WORK TO BE COMPLETED ▸ What you should repeat is the run of lines from the top of the listing below through the line with "7. Вследствие того, что", exactly, with no pictures.

[[ EXTRACTED INFORMATION open ]]

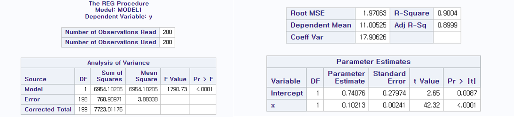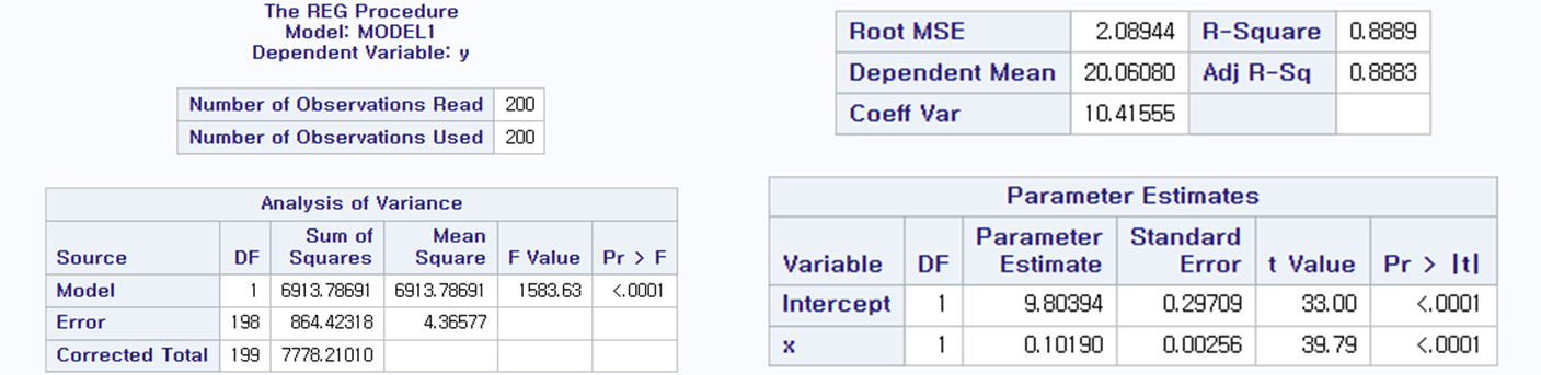 마찬가지로 200개의 sample로 회귀 분석을 한 결과이다. 주요 통계량을 살펴보면 아래와 같다.
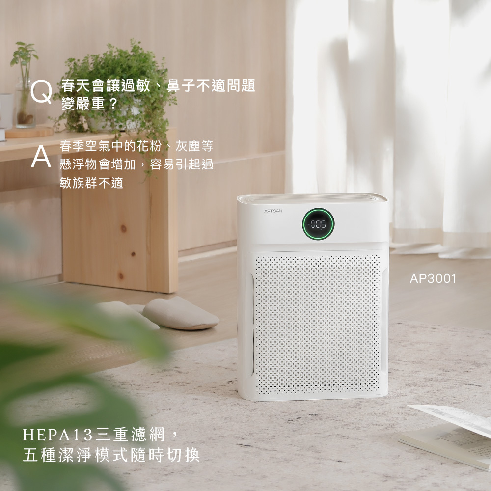 面對過敏不適感,建議選擇一台能長時間穩定運作的空氣清淨設備,ARTISAN AP3001 負離子空氣清淨機搭載前置+ HEPA13 +活性碳三重濾網,快速淨化空氣中的 PM2.5、春季花粉以及病毒,具備五種風量模式+2 / 4 / 8 小時定時設定,輕鬆過濾空氣髒汙,此外,還有為毛孩家庭打造寵物模式,能強效吸毛去味,隨時維持環境清新品質,守護呼吸道健康,而且扁身造型設計,就算是小宅也能輕鬆擺放。
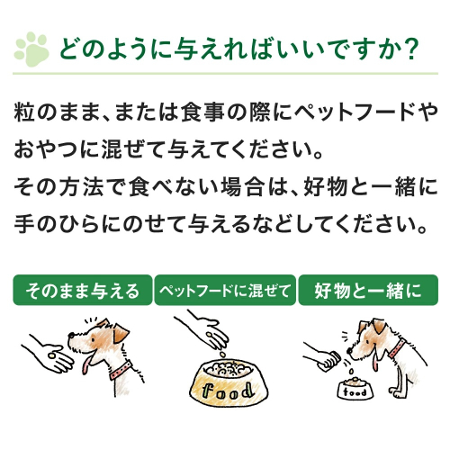 人用の健康補助食品と同じ品質基準で作られているため、安心して与えていただけます。
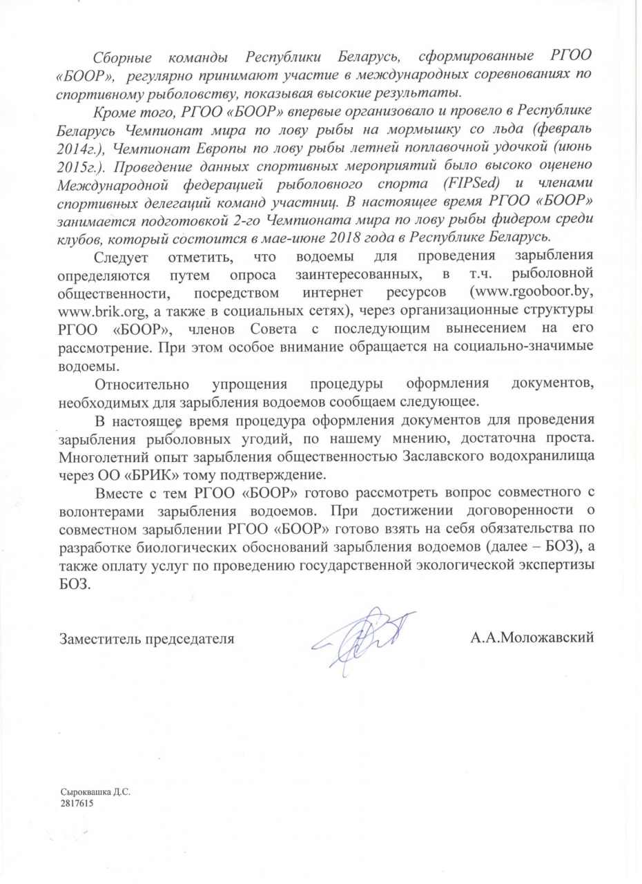 7. Вследствие того, что затронутые в обращении вопросы многовекторные и требуют серьезного подхода, просим организовать общественно-консультативный совет при Министерстве природных ресурсов и охраны окружающей среды Республики Беларусь на постоянной основе для решения подобных вопросов с привлечением всех заинтересованных сторон. Также просим рассмотреть вопрос о создании законодательной базы для создания и функционирования при Государственной инспекции охраны животного и растительного мира при Президенте Республики Беларусь – общественных групп дружинников из числа подводных охотников и рыболовов-любителей для совместной борьбы с нарушителями закона на водоемах и реках Республики Беларусь.
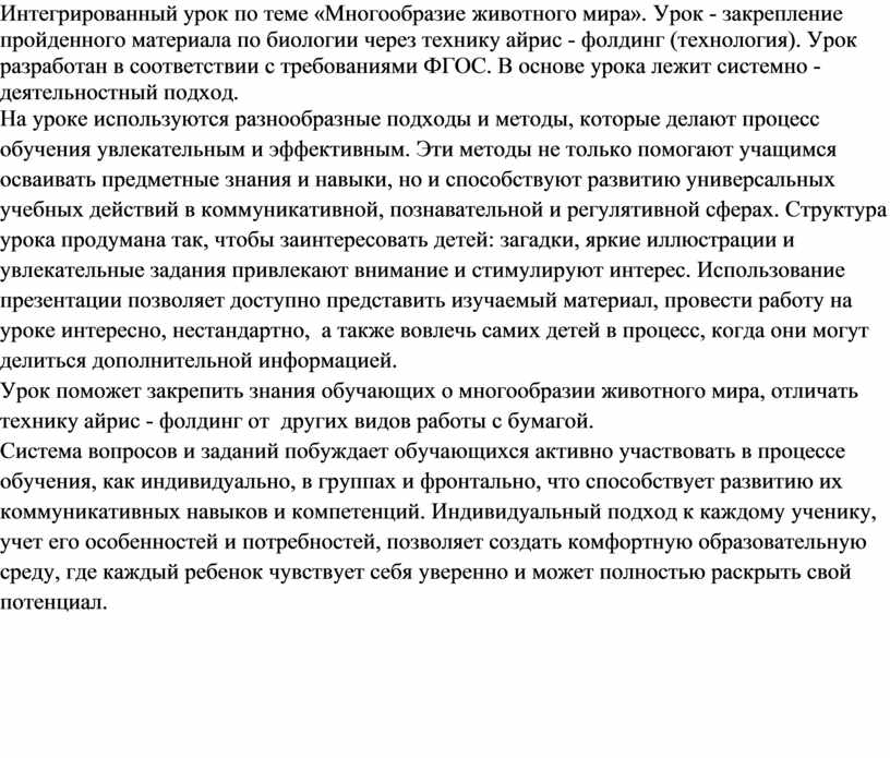 Интегрированный урок по теме «Многообразие животного мира». Урок - закрепление пройденного материала по биологии через технику айрис - фолдинг (технология). Урок разработан в соответствии с требованиями ФГОС. В основе урока лежит системно - деятельностный подход.

[[ EXTRACTED INFORMATION closed ]]

ANSWER BELOW ▸
 마찬가지로 200개의 sample로 회귀 분석을 한 결과이다. 주요 통계량을 살펴보면 아래와 같다.
 面對過敏不適感,建議選擇一台能長時間穩定運作的空氣清淨設備,ARTISAN AP3001 負離子空氣清淨機搭載前置+ HEPA13 +活性碳三重濾網,快速淨化空氣中的 PM2.5、春季花粉以及病毒,具備五種風量模式+2 / 4 / 8 小時定時設定,輕鬆過濾空氣髒汙,此外,還有為毛孩家庭打造寵物模式,能強效吸毛去味,隨時維持環境清新品質,守護呼吸道健康,而且扁身造型設計,就算是小宅也能輕鬆擺放。
 人用の健康補助食品と同じ品質基準で作られているため、安心して与えていただけます。
 7. Вследствие того, что затронутые в обращении вопросы многовекторные и требуют серьезного подхода, просим организовать общественно-консультативный совет при Министерстве природных ресурсов и охраны окружающей среды Республики Беларусь на постоянной основе для решения подобных вопросов с привлечением всех заинтересованных сторон. Также просим рассмотреть вопрос о создании законодательной базы для создания и функционирования при Государственной инспекции охраны животного и растительного мира при Президенте Республики Беларусь – общественных групп дружинников из числа подводных охотников и рыболовов-любителей для совместной борьбы с нарушителями закона на водоемах и реках Республики Беларусь.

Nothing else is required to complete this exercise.